Un aperçu des origines de la vie à travers un miroir trompeur

Les scientifiques auraient résolu une énigme vieille de 150 ans : pourquoi la vie privilégie-t-elle une molécule par rapport à son image miroir ?

Imaginez que vous vous regardiez dans un miroir et que vous constatiez que votre reflet obéit à des lois différentes des vôtres : des mouvements identiques produisent des résultats différents, et ce qui semble être une copie parfaite se comporte de manière totalement différente. Cela peut paraître absurde, mais des chercheurs de l’Institut Weizmann des Sciences et de l’Université Hébraïque de Jérusalem ont découvert que c’est précisément ainsi que se comportent les molécules chirales. Ces molécules peuvent exister sous deux formes qui sont l’image miroir l’une de l’autre, à l’instar de la main gauche et de la main droite.

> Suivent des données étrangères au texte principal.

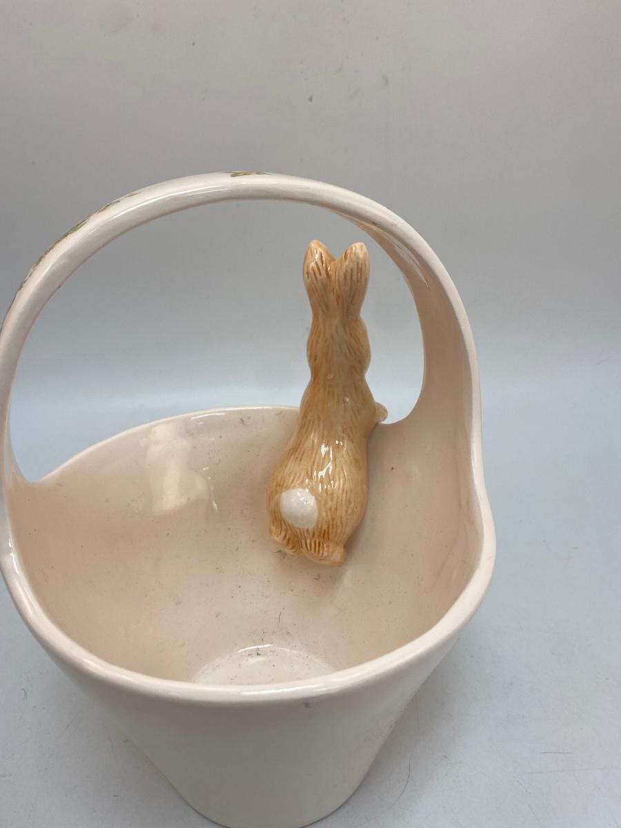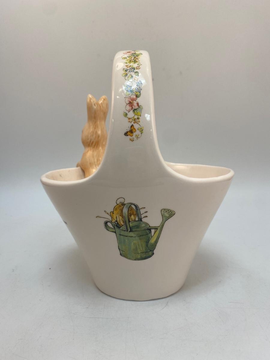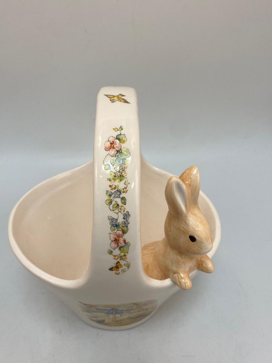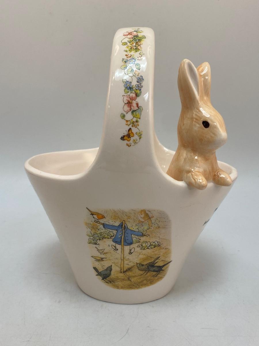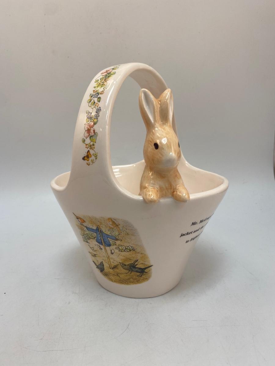 Retro Peter Rabbit Story Book Ceramic Basket Figurine

Dans une nouvelle étude publiée dans Science Advances, les chercheurs ont découvert qu’un électron est soumis à un champ magnétique d’intensité différente lorsqu’il traverse chacune de ces formes symétriques. Ce comportement asymétrique remet non seulement en question les hypothèses traditionnelles, mais vient également étayer une théorie sur l’origine de la vie sur Terre.

(de gauche à droite) Le professeur Ron Naaman et le professeur Yossi Paltiel
(de gauche à droite) Le professeur Ron Naaman et le professeur Yossi Paltiel

Bien que les molécules chirales puissent exister sous deux formes, les scientifiques ont compris il y a plus de 150 ans que les organismes vivants n’en « choisissent » qu’une seule : une forme lévogyre pour les protéines et une forme dextrogyre pour les sucres, l’ADN et l’ARN. Cette préférence est déroutante, car selon les lois établies de la chimie et de la physique, des molécules symétriques devraient posséder une énergie identique. La question de l’origine de cette asymétrie occupe les scientifiques depuis des décennies, et y répondre pourrait éclairer la manière dont les premières molécules biologiques ont été créées – en d’autres termes, l’origine même de la vie.

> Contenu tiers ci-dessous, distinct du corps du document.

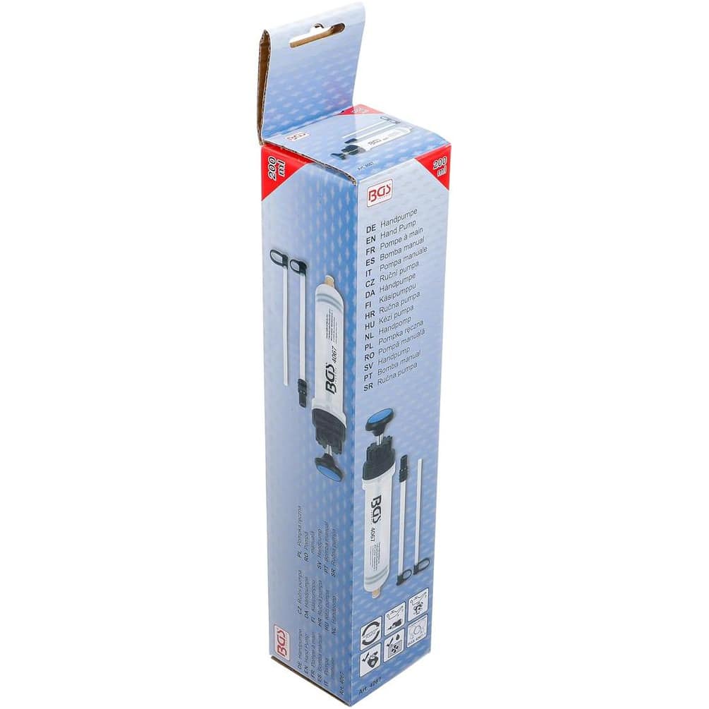 La Pompe à Main 200 ml de la marque BGS est un outil compact et pratique conçu pour le transfert manuel de liquides en petite quantité. Sa capacité de 200 ml la rend idéale pour des applications précises et contrôlées, notamment dans les ateliers, laboratoires ou pour des usages domestiques.

Une première avancée vers la résolution de cette énigme a eu lieu en 1999, lorsque le professeur Ron Naaman et ses collègues de l’Institut Weizmann ont fait passer un courant électrique – un flux d’électrons – à travers des molécules chirales et ont découvert que chacune des deux formes symétriques se comportait différemment. Les électrons agissent comme de minuscules aimants, dotés de pôles nord et sud, et possèdent une propriété appelée « spin », qui détermine leur orientation magnétique. Lorsque ces minuscules aimants se déplacent à travers une molécule chirale, ils suivent une trajectoire en spirale, ce qui leur fait subir une force magnétique susceptible soit d’accélérer, soit de freiner leur mouvement. Les chercheurs ont découvert que les deux formes symétriques exercent des effets opposés : l’une accélère principalement les électrons dont le pôle nord s’aligne avec leur direction de mouvement, tandis que l’autre accélère les électrons dont le pôle nord pointe dans la direction opposée.

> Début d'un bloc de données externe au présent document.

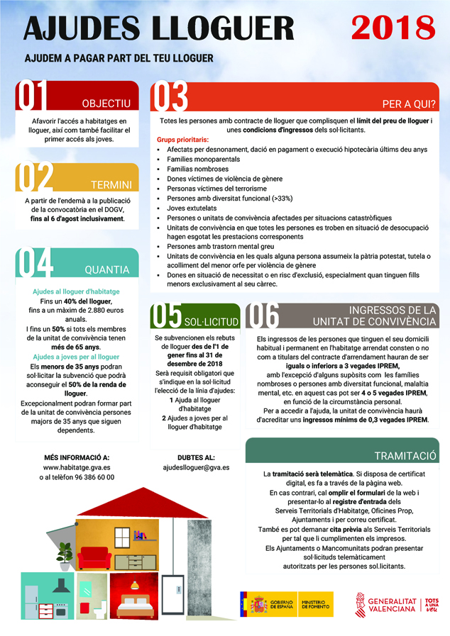 Les ajudes cobrixen fins a un 40% del lloguer amb un màxim de 2.880 euros anuals, i fins a un 50% si tots els membres de la unitat de convivència tenen més de 65 anys. També hi ha ajudes per a jóvens menors de 35 anys, els quals podran sol·licitar una subvenció que podrà cobrir fins al 50% de la renda de lloguer. Excepcionalment s'acceptaran sol·licituds d'unitats de convivència amb persones majors de 35 anys que siguen dependents.

« Cela n’expliquait toujours pas pourquoi la nature “préfère” une forme plutôt qu’une autre », explique le professeur Naaman. « L’indice suivant est venu d’une accumulation de preuves montrant que les deux formes symétriques non seulement favorisent les électrons ayant des spins opposés, mais les transmettent également avec des rendements différents. Beaucoup ont supposé que cela était dû à une contamination des échantillons, mais les différences étaient trop importantes, et les échantillons trop purs, pour que cette explication tienne la route. »

Dans cette nouvelle étude, menée par le professeur Naaman et le professeur Yossi Paltiel de l’Université Hébraïque, les chercheurs ont examiné des versions chirales de l’or et de l’argent, ainsi que des molécules chirales biologiques, en faisant passer un courant électrique à travers chacune de leurs formes symétriques. Les expériences ont révélé des différences substantielles dans l’intensité du champ magnétique subi par les électrons dans les deux formes – des différences qui atteignaient environ 30 % dans l’or chiral.

Adsorption de cristaux d'une molécule chirale biologique sur une surface de cobalt recouverte d'or.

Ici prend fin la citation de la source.